CRS Panel - Production commands.

Those buttons are at the bottom of the main panel.

The first two buttons are meant so simnplify navigating among the jobs:

* "select jobs" - this button is used to select jobs which contain a particular string in the name. Let us assume that you want to select all jobs which have string "abc" in the name. Type "abc" in the input field next to "select jobs" button. Then click "select jobs". All jobs which have "abc" as part of name will become highlighted.

* "print selected" - opens a text window with names of highlighted jobs. The names can be then cut and paste to any text file.

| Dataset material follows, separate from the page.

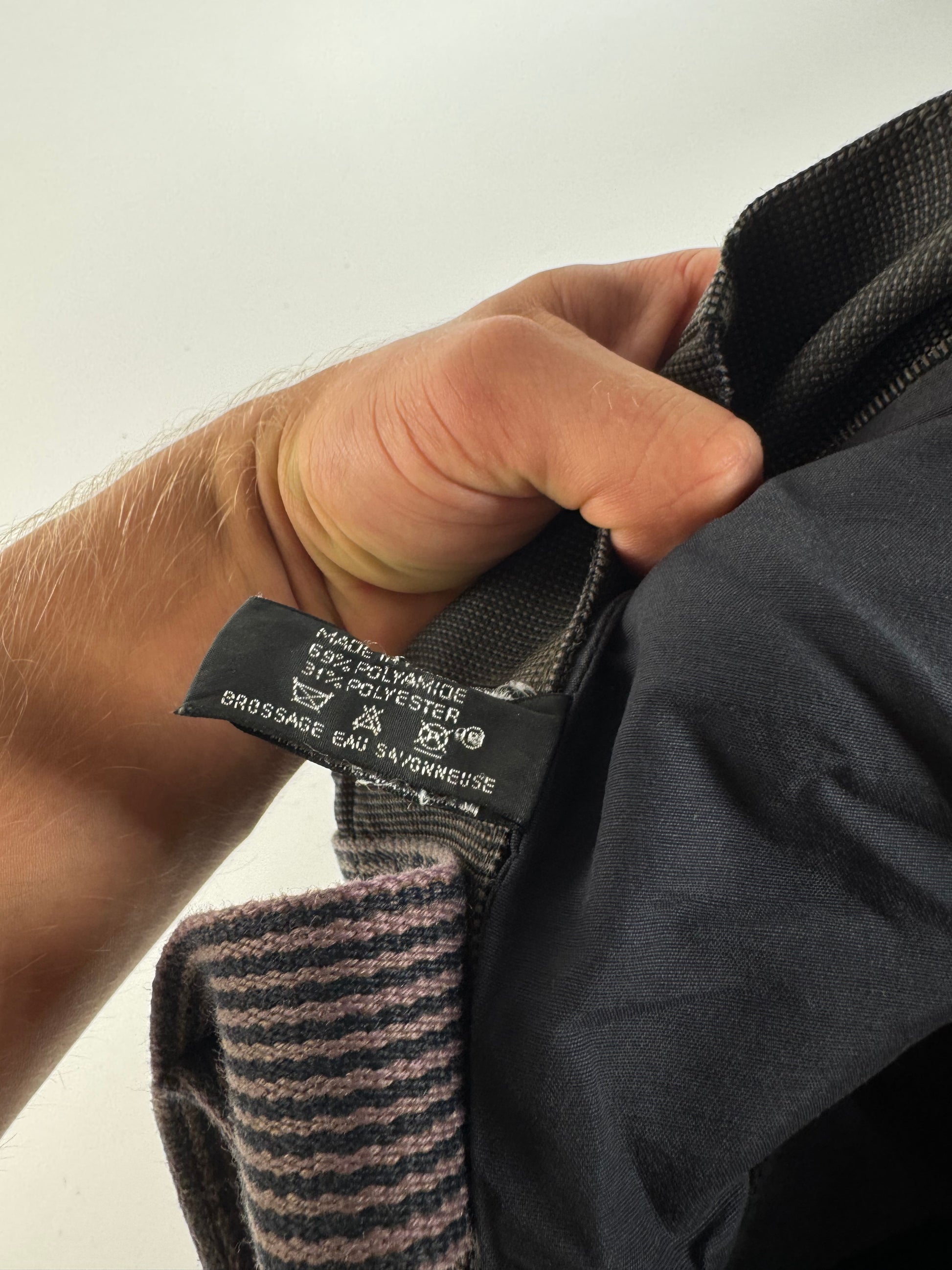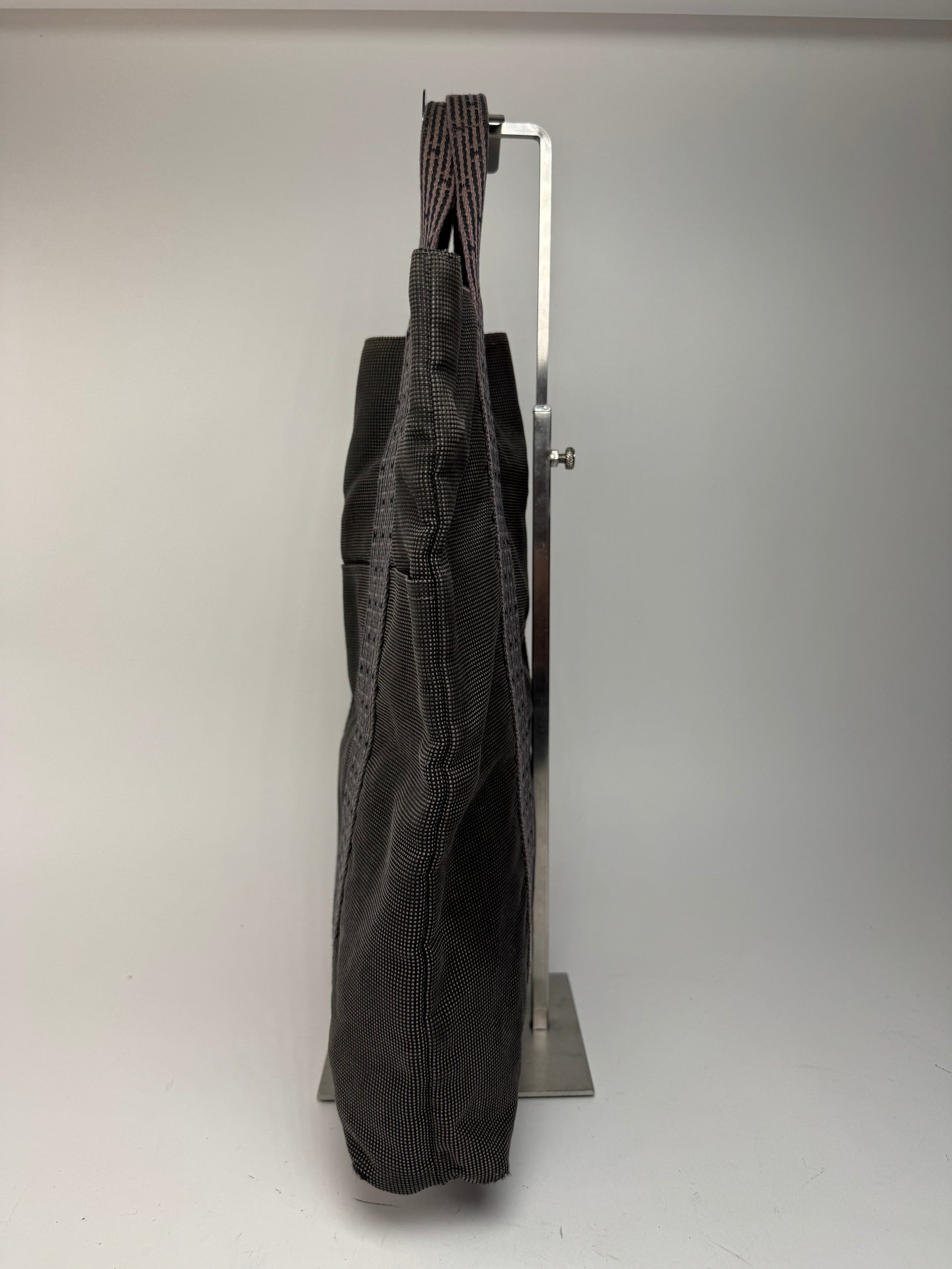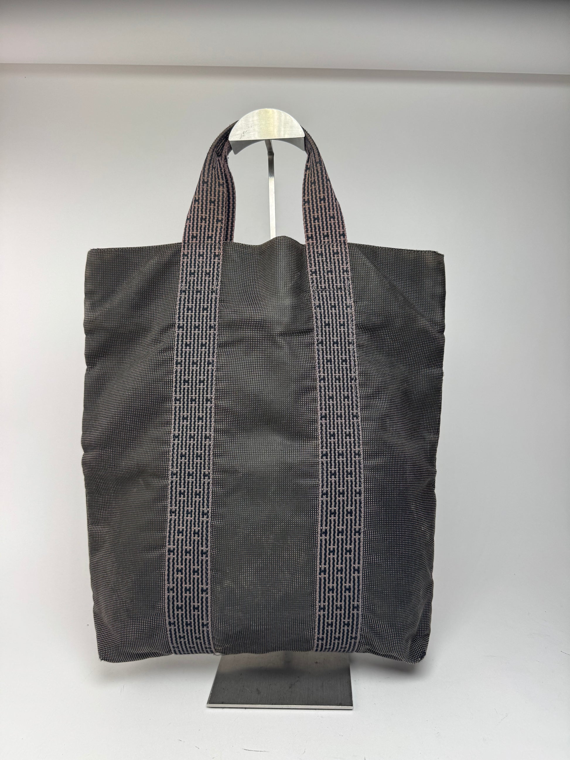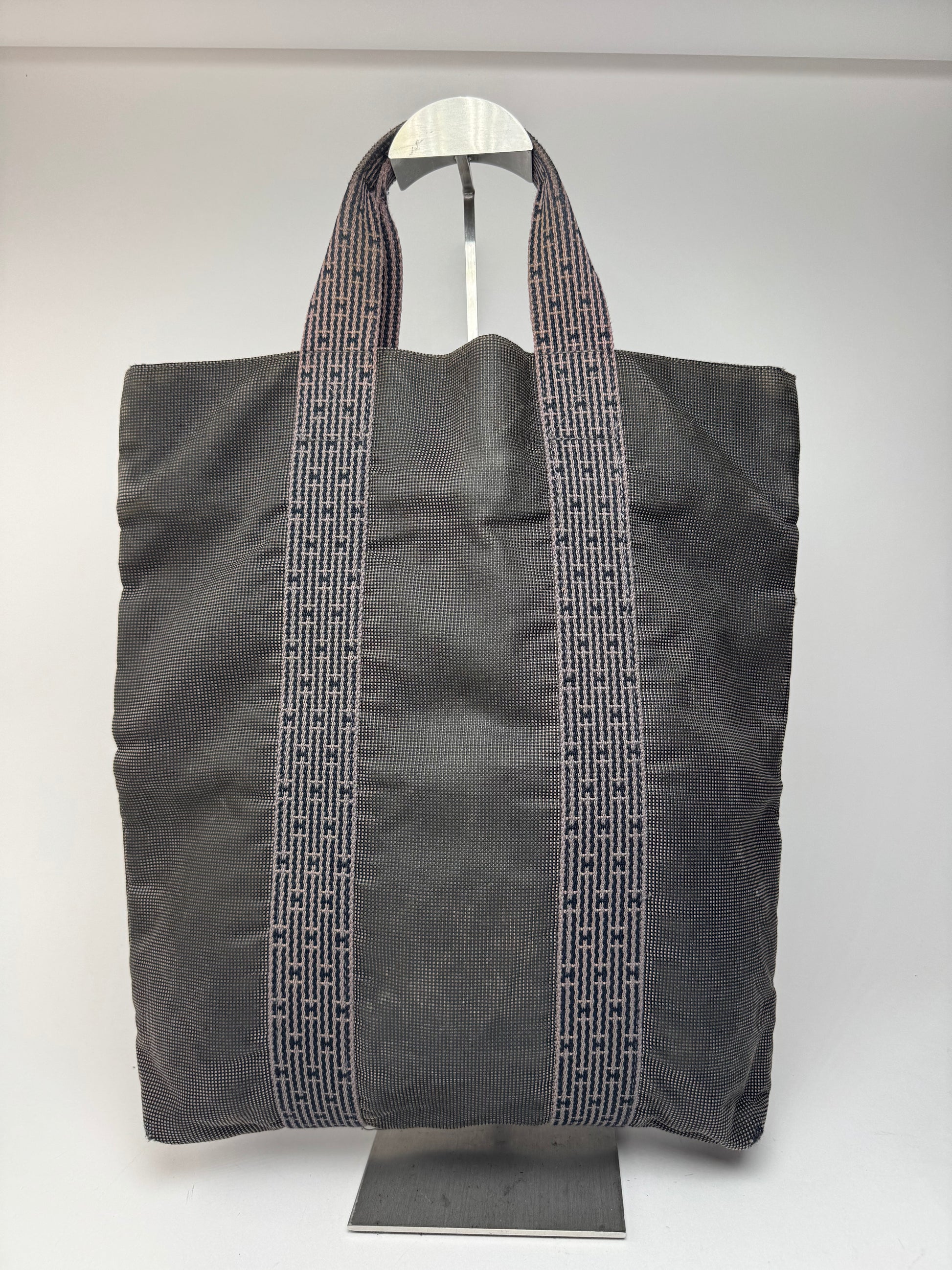 HERMÈS Vintage Shopper Bag. This chic handbag is finely crafted of anthracite patterned polyester fabric. The shoulder bag features silver-tone steel hardware.

The "Loader options" buttons starts loader panel, which steers the behaviour of the job loader.

The buttons on the loader panel:

* Loader status/loader enable, loader disable - give status of the loader, start and stop it.

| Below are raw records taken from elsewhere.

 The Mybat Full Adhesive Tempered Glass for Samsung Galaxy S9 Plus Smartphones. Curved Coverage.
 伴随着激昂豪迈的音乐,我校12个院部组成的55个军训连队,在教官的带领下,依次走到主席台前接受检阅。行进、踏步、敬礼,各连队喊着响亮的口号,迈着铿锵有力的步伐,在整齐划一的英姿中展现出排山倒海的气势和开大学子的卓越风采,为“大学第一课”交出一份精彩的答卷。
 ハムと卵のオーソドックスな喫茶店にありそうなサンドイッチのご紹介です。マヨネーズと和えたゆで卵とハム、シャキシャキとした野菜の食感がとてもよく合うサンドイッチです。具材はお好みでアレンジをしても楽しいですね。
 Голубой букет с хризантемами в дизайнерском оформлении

* Load by name/ load by creation time - chooses if loader should load jobs according to their names or creation times.

* Buttons below decide from which queues should the loader pic jobs. To stop loading from a particular queue depress its button.

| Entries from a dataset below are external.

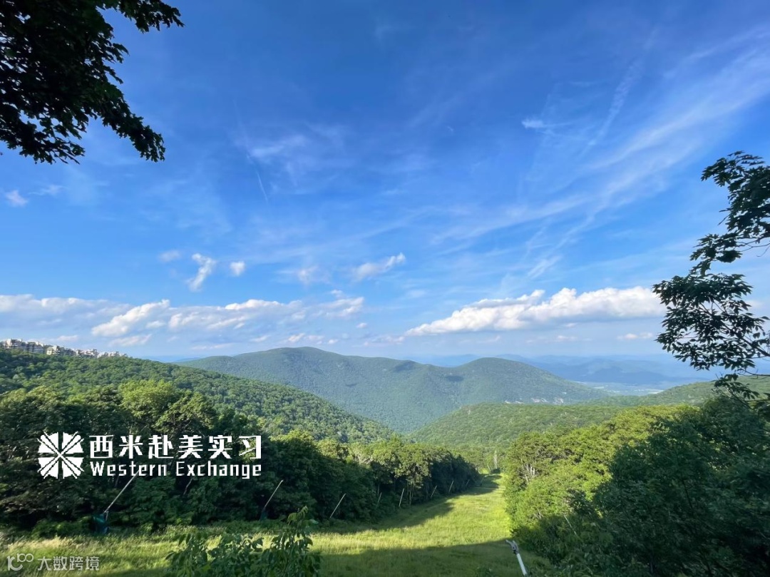 Wintergreen Resort坐落在蓝岭山脉里,冬天是白茫茫的滑雪胜地,夏天则变成郁郁葱葱的徒步天堂。对于酒店的风格就不是很清楚了,但是天空永远蔚蓝色的。浅灰色的建筑嵌在山坡上,阳台外就是落雪的松树。我刚到时恰好还是冬天,齐膝深的雪,到处跑的松鼠,时而出现的鹿,炊烟升腾的房屋,袅袅娜娜的小提琴音,直接氛围感全部拉满。
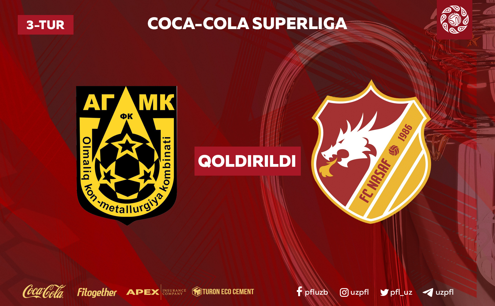 Coca-Cola Superliganing 3-turidan o‘rin olgan AGMK — “Nasaf” o‘yini Toshkent viloyati ichki ishlar bosh boshqarmasi so‘roviga ko‘ra qoldirildi.
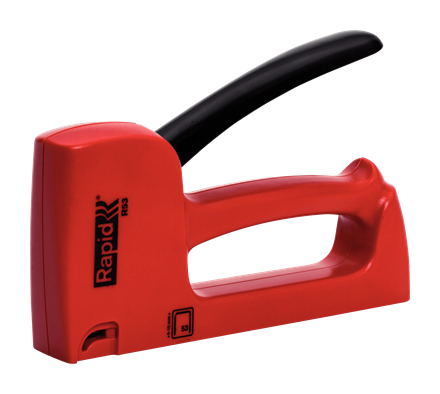 Rapid R53E Staple Gun\nLight, easy to handle staple gun for DIY and home projects or easier professional jobs. Made in tough, robust plastic, craftsmen appreciate features such as high performance, light weight, long working life and its ability to cope with regular use. The R53E is also suitable for users with smaller hands. Ideal for furniture upholstery, decorative work with diverse textile types or fastening of quilts, posters or leather.\n\n- For finewire staple No. 53, 4-10 mm\n- All-steel wear parts inside\n- Ergonomic handle with lock function for easy storage\n- Made in Sweden
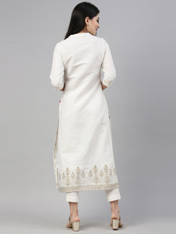 - 55 % Off Select options This product has multiple variants. The options may be chosen on the product page₹2,199.00Original price was: ₹2,199.00.₹999.00Current price is: ₹999.00.Discover a timeless ensemble. Introducing the Marcia White Printed Cotton Straight Kurta Set, a perfect combination of style and comfort. This set features a flowing white kurta adorned with intricate prints, paired with matching pants for a coordinated look.
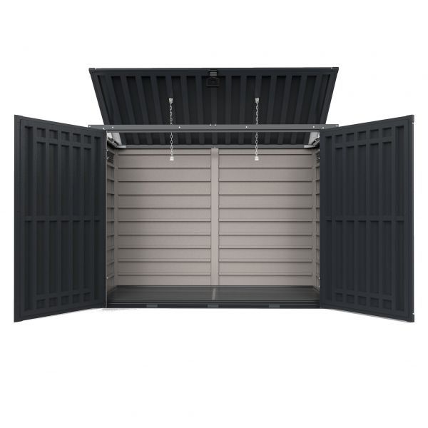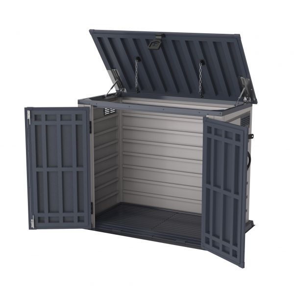 Вместимость и размеры - для хранения на открытом воздухе имеет вместимость 800 л и большие размеры, что дополняется широко открывающимися дверями и крышкой для дополнительного доступа.
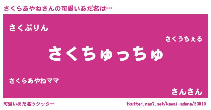 | 恥ずかしいあだ名 | 『ボンバーヘッドさく』『さくちん』 |
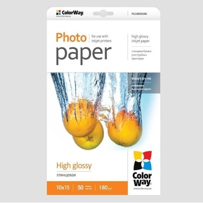 ColorWay High Glossy 10×15 cm 50 ks Nejpoužívanější typ jednostranného fotopapíru pro inkoustový tisk. Tento papír má hladký, lesklý povrch, odolný vůči vodě. Fotografie...
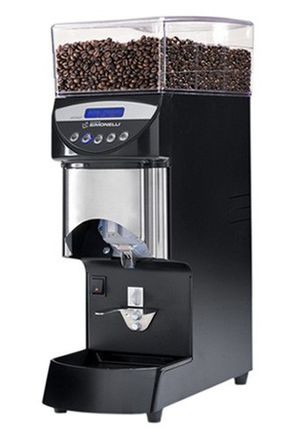 The Mythos Basic grinder has a “grind on demand” system that brings out all the aroma and flavor out of a coffee bean, and is considered one of the best espresso grinders available. Mythos has up to 3 different programmable doses for single, double and triple shots with manual override. With its long-life titanium/steel alloy grinding discs and powerful 800 watt motor it is precise, fast and reliable. Thanks to the micrometric grinding adjustment, it is ideal for those who want to serve the best espresso possible. In this Basic model, the low motor speed of around 400 RPM keeps the temperature of the coffee grounds low, which protects the aroma and taste. Only available in black and without built-in tamper.
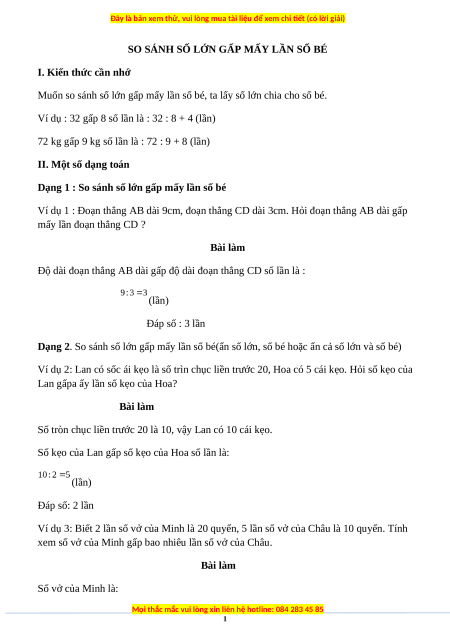 SO SÁNH SỐ LỚN GẤP MẤY LẦN SỐ BÉ
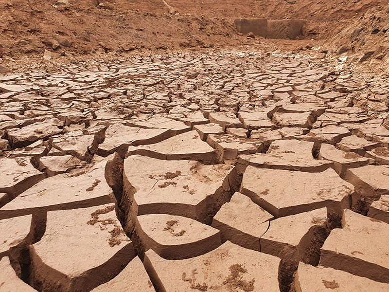 Lòng hồ thủy lợi ở Đắk Lắk nứt toác do khô hạn. Ảnh: HT
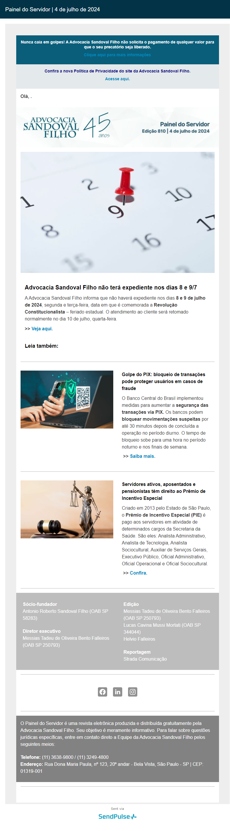 Confira a edição nº 810 do Painel do Servidor, enviada no dia 4 de julho de 2024.

The "project history" shows history of the code development. It helps the user to figure out which version of CRS he is now using.

The "production status" shows the snapshot of the production. It does the same thing as the "farmstat" command in the line mode.

"production history" gives a list of jobs which were executed by CRS and their statuses and times of completion.

"for experts button" opens a panel which gives the user some commands to check status of CRS daemons. From that panel you can start/stop loader daemon (this can be done from the loader panel as well), check the status and start/stop the logbook manager daemon and ping the hpss daemons.

"refresh" button refreshes the status of jobs shown in CRS panel.

"Semaphores" button opens the semaphores panel. From this panel users can open/close the production semaphores.

"Help" button gives listing of available help.

"Exit" button closes CRS panel.

CRS Administrator Manual

CRS Machines.

CRS Submit Machines.

There are currently 3 rcrs machines from which users can submit their jobs: rcrsuser2, rcrsuser3 and rcrsuser4. Jobs can be seen from any of the submit machines, however they can be killed only from machine from which they were submitted. For that reason experiments should stick to the assigned machines and do not run production elsewhere.

In the future it might become possible to set up CRS in such a way that all experiments can use all submit machines without restrictions, however at this point it is not possible due to condor/kerberos related issues.

CRS Execution machines.

The jobs are executed on the rcrs nodes (and the rcas nodes for STAR). Users are not supposed to logon to those machines.

Condor

CRS uses Condor as it's job execution backend. Condor has some configuration options turned on to allow the CRS software to interface with it. The CRS software depends on the CPU_Speed and CPU_Type flags advertised by machines. These flags allows the CRS software to divide jobs into groups that seek out all or a subset of available machines. Condor also uses the CRS_Turn_Off flag in the start expression for CRS machines to determine if it should start any CRS jobs on a node. The CRS software can toggle this flag for one or more nodes in the pool. Note that this is different than Turn_Off which applies to all jobs. In the case of STAR and PHENIX there is no difference but BRAHMS and PHOBOS run both CRS and Analysis on their nodes.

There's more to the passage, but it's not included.